Blackwood inched his horse along the dark ridge overlooking the heath. At the top he halted and opened the leather satchel slung across his saddle.

By the light of the moon the highwayman skimmed the naval dispatch he had taken from Lord Renwick’s carriage.

Frowning, he scanned the terse lines of numbers indicating latitudes and longitudes of the various trading vessels and passenger ships active in the Channel and farther south off France and Spain. There was nothing earthshaking in the information. Outwardly at least, it was a routine list of shipping facts.

But something about those numbers nagged at the highwayman. Something that was not quite as it should be. He knew that water well, of course. Five years ago he had tasted its brine and shivered in its frigid swells. Most of the numbers marked locations off the coast of Spain and Portugal and a few farther south near the mouth of the Mediterranean.

Yes, there was something there all right, something that pricked at dark memories, but try as he might, Blackwood couldn’t put his finger on what it was.

Grimly, he shoved the papers back into the satchel, then ran a gloved hand along Diablo’s gleaming neck.

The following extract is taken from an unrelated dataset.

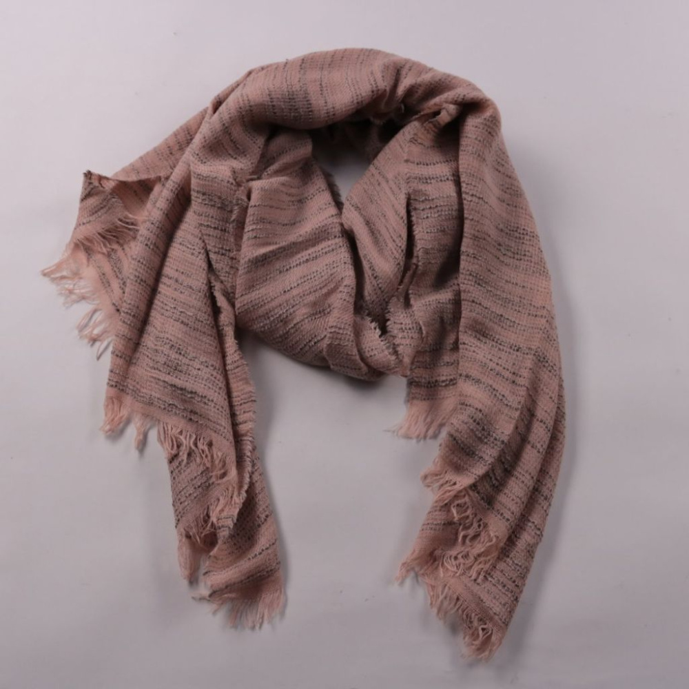 Шарф без указанного бренда в нежно-розовом оттенке с фактурной тканью и бахромой по краям. Подойдёт к повседневным образам и для прохладной погоды, можно носить как палантин. Лёгкий и удобно драпируется.

The pain in his chest had stilled to a throb. He had stanched the blood with a handkerchief and sent Jonas on to deposit Renwick’s carriage in the main street of Kingsdon Cross. Someone would be sent to search for the travelers once the carriage was found, and until then, the lord and his ladies could amuse themselves as they saw fit.

Diablo’s head rose. The black horse gave a restless whinny.

Cursing softly, the highwayman tugged off his mask, letting the cool wind rake his cheeks. Off to the east the sky was tinged with gray and above him the stars were starting to fade. In an hour it would be dawn.

Dawn.
One more day of bitterness and regret. One more day without hope. One more day that brought him no closer to his goal of revenge. The tall figure cursed, then spurred his horse forward.

He knew he should go home.

He knew he should give up his dangerous masquerade and ride hell for leather toward Waldon Hall and the safety its palatial rooms offered.

But he didn’t. Instead the highwayman turned south. He studied the dark hills, thinking about innocence and youth and a woman with green-gold eyes and lips like crimson silk.